The investment shift and future trend of insurance capital in real estate

3. Explore investment opportunities in subdivided tracks, and actively allocate high-quality projects such as logistics and industrial parks (omitted)

04

The real estate investment boom of insurance capital is expected to continue to expand investment channels for ABS and REITs

As the real estate industry enters a period of deep adjustment and moves from the incremental era to the stock era, the investment preference of insurance funds has also shifted from corporate bonds and real estate stocks to real estate projects. Safety, liquidity and profitability have always been the three principles of insurance capital investment, combined with the development trend of the industry and its own asset allocation needs, it can be expected that the future investment of insurance funds in real estate will still be concentrated in the real estate field.

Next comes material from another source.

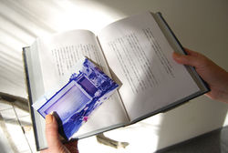 The story “A curtain on a bay window” and a installation related to it. The story is about one scene of the Great Hanshin-Awaji Earthquake of 1995 written with a personal point of view, just like someone's everyday life. From a burnt bay window, a lace curtain which must have burnt spreads and flows up into the sky.A lot of rubble are scattered and four books are buried in them.If you open the book, you can see a picture of a house collapsed and burnt and usual life of a family just after the earthquake. Words of a woman which is the beginning part of the story are written on the outer wall of the museum. The work humorously depicts the strength of people who have lived through the “extraordinary” as part of their daily lives.

On the one hand, the value of real estate investment has emerged, which occupies an increasingly important position in the asset allocation of insurance funds. In the face of the adjustment of the real estate market and the fluctuation of the secondary market, real estate investment can optimize the asset allocation structure, hedge investment risks to a certain extent, and better balance returns and risks, especially high-quality real estate projects are expected to have better long-term stable returns. At the same time, the overall price of real estate is at a low level, and the disposal of assets in the superimposed market is good, which is good for insurance funds to "buy the bottom" and look for high-quality project investment opportunities.

On the other hand, the approval of insurance capital to carry out ABS and REITs business will further promote the participation of insurance capital in real estate investment. Although the overall market size of ABS and public REITs is relatively limited, it is difficult to meet the needs of large-scale asset allocation of insurance funds, with the continuous expansion of the underlying asset types by future policies, the market scale has great potential for development. On March 3, 2023, the Shanghai Stock Exchange issued and implemented the Guidelines for the Application of the Rules for Confirmation of Listing Conditions for Asset-backed Securities on the Shanghai Stock Exchange No. 5 - Requirements for Insurance Asset Management Companies to Carry out Asset Securitization Business (for Trial Implementation) to encourage qualified insurance asset management companies to actively carry out ABS and REITs business. On October 13, 2023, the first batch of five insurance asset management companies of China Life, Taikang, CPIC, PICC and Ping An were approved to carry out ABS and REITs business on a pilot basis, and on December 20, 2023, the "Huatai-Zhongjiao Road Jianqing West Bridge Holding Real Estate Asset-backed Special Plan" has been successfully established.

On the whole, the boom of insurance capital investment in real estate has continued momentum, but we cannot ignore the current situation of pressure on the operation of some business formats, and we should be particularly cautious in the selection of real estate projects, give more consideration, reasonably and appropriately control the allocation ratio, and do a good job in risk management and control in all aspects of 'fundraising, investment, management and withdrawal'. In addition, approved insurance funds can also actively carry out asset securitization investment, and seize the first-mover advantage of REITs and ABS for asset allocation.